A governadora do Rio Grande do Norte, Fátima Bezerra, aproveitou a leitura da mensagem anual na Assembleia Legislativa, nesta terça-feira, para fazer mais do que a tradicional prestação de contas. O discurso, com cerca de 54 minutos, teve clima de balanço final de gestão e também de despedida do cargo, após dois mandatos seguidos à frente do Executivo estadual.
Ao longo da fala, a governadora buscou destacar obras, programas e investimentos realizados desde 2019, numa tentativa de consolidar um legado político. Para críticos, no entanto, a apresentação soou mais como uma narrativa de encerramento de ciclo do que como um retrato fiel da situação financeira e administrativa que será herdada pelo próximo governo.
O principal destaque foi novamente a duplicação da BR-304. Fátima afirmou que as obras começaram em janeiro e classificou o projeto como estruturante para o desenvolvimento do estado, com impacto na segurança viária e no escoamento da produção.
Apesar do discurso otimista, a iniciativa ainda enfrenta dúvidas sobre prazos e execução.

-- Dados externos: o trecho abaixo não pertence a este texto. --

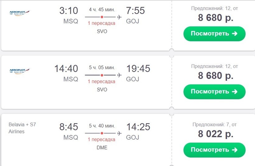 Билеты на самолет до Нижнего Новгорода от 263 белорусских рублей (от 8000 российских рублей).

O Rio Grande do Norte segue convivendo com dificuldades fiscais e limitações orçamentárias, o que levanta questionamentos sobre a capacidade de concluir uma obra desse porte dentro do atual mandato. Nos bastidores, há quem avalie que o lançamento em ano pré-eleitoral tem forte peso simbólico e político, repetindo a prática de anunciar grandes projetos cuja entrega pode ficar para a próxima gestão.
O cenário político também impõe desafios. Fátima tem buscado apoio fora do estado para viabilizar seus próximos passos. Em entrevista após a solenidade, confirmou a intenção de disputar uma vaga no Senado, dentro de uma estratégia que, segundo ela, é prioridade do presidente Lula e do PT nacional. Ao mesmo tempo, o governo já articula o nome do secretário Cadu Xavier como possível candidato à sucessão estadual.

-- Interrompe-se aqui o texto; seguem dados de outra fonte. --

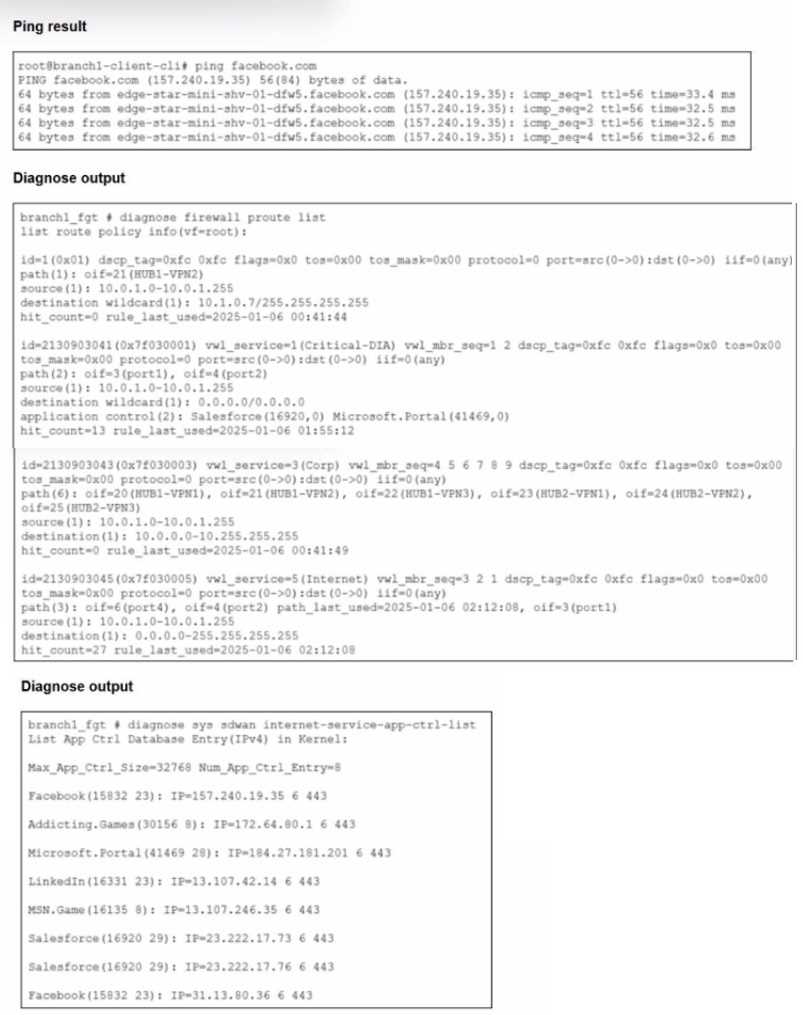 Based on the exhibits, which interface uses branch 1_fgt to steer the test traffic?

Durante o discurso, a governadora voltou a lembrar que assumiu o estado com salários atrasados, obras paradas e desorganização administrativa. O argumento tem sido usado ao longo dos anos para contextualizar as dificuldades enfrentadas. Ainda assim, após mais de seis anos de gestão, parte da classe política e da população cobra soluções mais definitivas para problemas que continuam presentes no dia a dia.
A própria leitura da mensagem ocorreu com atraso de uma semana em relação à abertura dos trabalhos legislativos, por causa de compromissos na agenda da governadora. Um detalhe que, para observadores, simboliza um governo que chega ao fim dividido entre o discurso de realizações, os planos eleitorais e uma realidade administrativa ainda cercada de incertezas.